Notably, compound #13 exhibited superior activity across all three targets, with an IC 50 in the nanomolar range for AURKA, highlighting its potential as a promising lead compound. However, the testing results of all 18 candidate compounds (Table S3) indicated that none showed an ability to inhibit more than four targets simultaneously. This limitation may be attributed to the relatively low throughput of the experiment and the use of only a 48.2 m subset of the REAL library [55] during the screening. Additionally, the findings confirmed that compounds #2, #6, and #13 are not pan‐kinase inhibitors, which selectively inhibit PI3K and AURKA. Aiming to further validate the activity and safety of #13, we investigated its growth‐inhibitory activity in breast cancer cell line MDA‐MD‐468, mammary gland cell line MCF10A, and embryonic kidney cell line HEK293. As shown in Figure 2e, #13 achieved a GI50 of 470.37 nm against cancer cells while exhibiting no inhibitory effect on normal cells. Overall, we identified three multi‐target hit molecules from a 48.2 m compound dataset by Ouroboros combined with molecular docking. These results show the application potential of Ouroboros representation in similarity screening and further corroborate the ability of representation module to generalize to ultra‐large molecular structure datasets. This provides credibility to preform directed chemical evolution in Ouroboros’ molecular representation space.
Retrospective Analysis
2.3.5
We remain curious as to how Ouroboros discovered compound #13 and whether different targets select for multiple conformations in its conformational space. This would reveal the significance of introducing conformational space information in Ouroboros. Figure 2f illustrates the binding mode of #13 in 3 targets, where 1,3,8‐ triazanaphthalene forms a hydrogen bond with the hinge loop region in all targets, while 2‐oxazolidinone undergoes a flip to form hydrogen bonds with different residues in the different targets, i.e., T217 in AURKA, R770 in PI3Kα, K883 in PI3Kγ. Inspection of aligned ligand conformations (Figure 2g) reveal that 2‐oxazolidinone undergoes a large flipping in all 3 conformations to support its hydrogen bond with side chain of different residues. It demonstrated the unique advantages of conformation‐independent AI model that learned conformational space information over conformation‐dependent approach in poly‐pharmacology.

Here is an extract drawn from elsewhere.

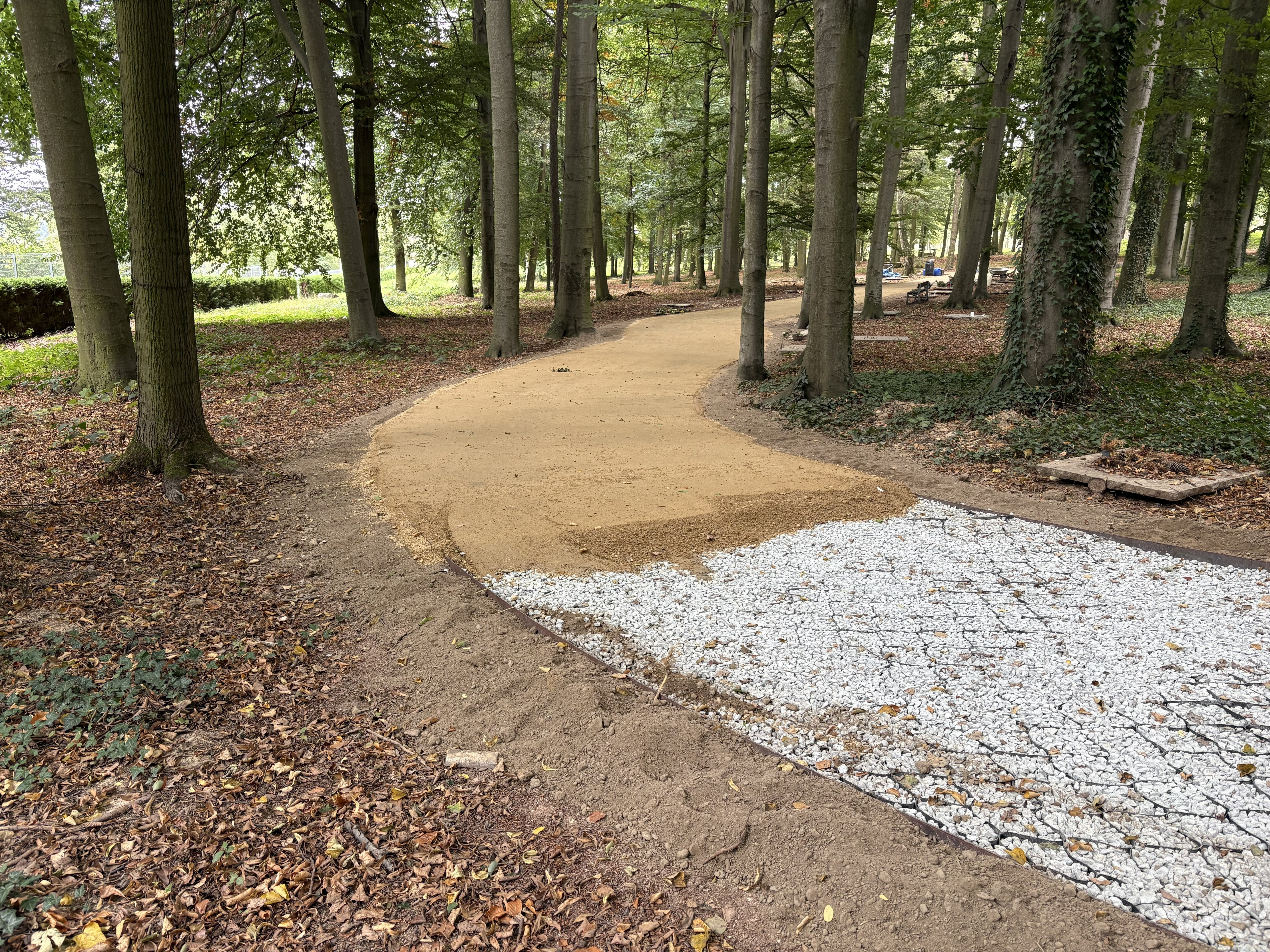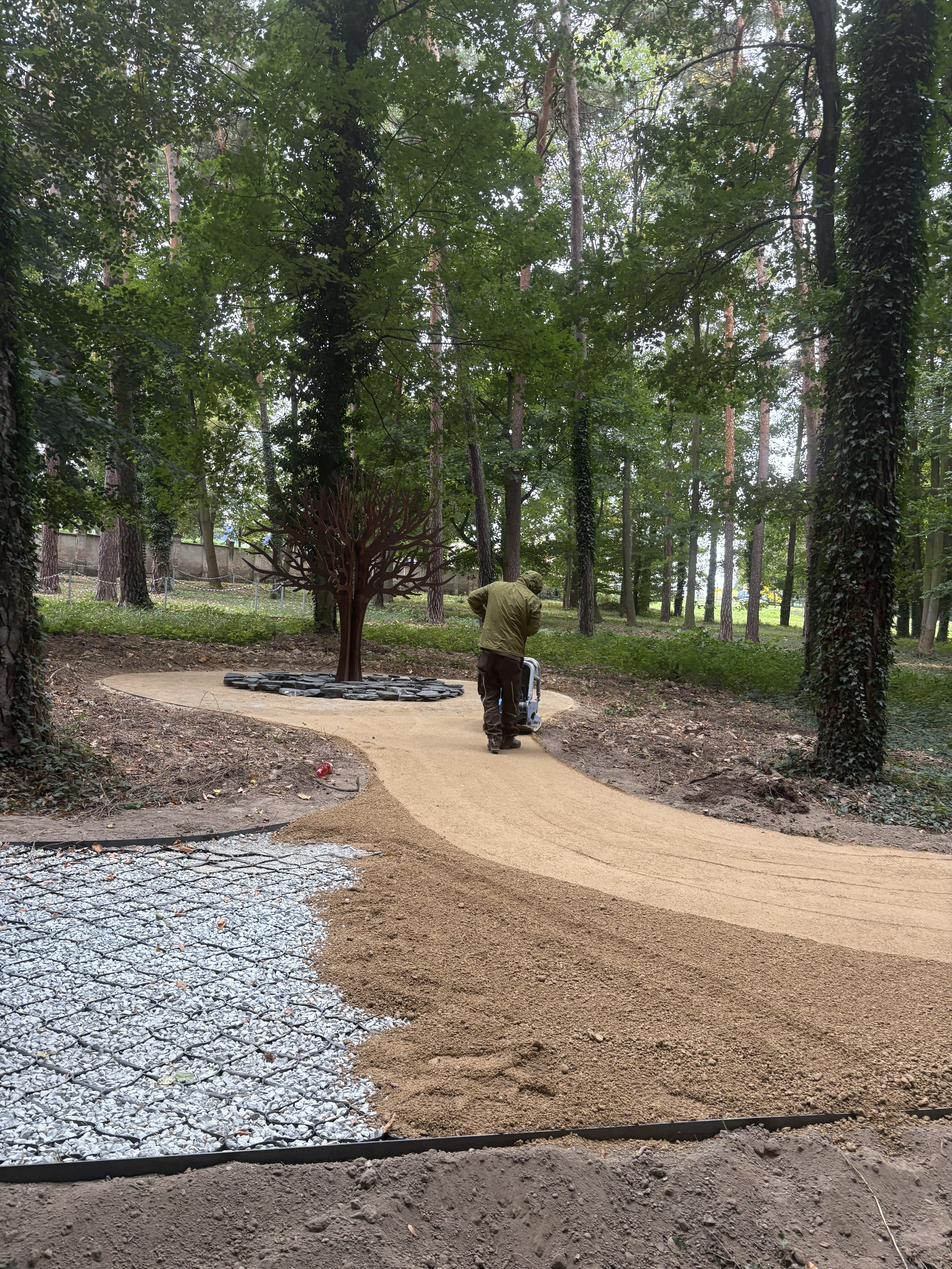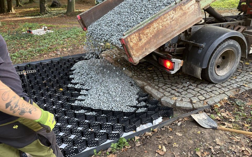 Na tomto místě jsme kladli velký důraz na ochranu kořenového systému stromů, jelikož cesty vedou v jejich těsné blízkosti. Geobuňky zde byly jasnou volbou z několika důvodů:

Modeling Chemical Properties based on the Representation Module
2.4
Molecular Property Modeling via Projection
2.4.1
In Ouroboros, predicted chemical properties serve as the loss function guiding optimization. The regression‐based property predictor provides a continuous gradient of property strength, enabling more effective guidance for directed molecular migration. Here, the molecular property predictor in Ouroboros is implemented by mapping molecular representations to properties via deep neural networks (Figure 3a). Accordingly, in this work, we compared the performance of Ouroboros against baseline methods across 10 datasets of molecular properties related to pharmacokinetics and toxicology and examined the predictive ability of different models on the test set with the same data partition. Figure 3b presents the average Spearman correlation coefficient (SPEARMANR) of the Ouroboros predictor on ten different molecular property datasets, which is significantly higher than that of AI‐based GeminiMol [19] and fingerprint‐based methods, including ECFP4 [57], AtomPairs [58], MACCS [59], RDK [60], and CombineFP [19]. Meanwhile, Ouroboros achieved the highest SPEARMANR in 5 out of 10 property tasks among all baseline methods (Table S4). By projecting multiple property predictors, Ouroboros is empowered to perform backward optimization of molecular structures across multiple distinct molecular properties.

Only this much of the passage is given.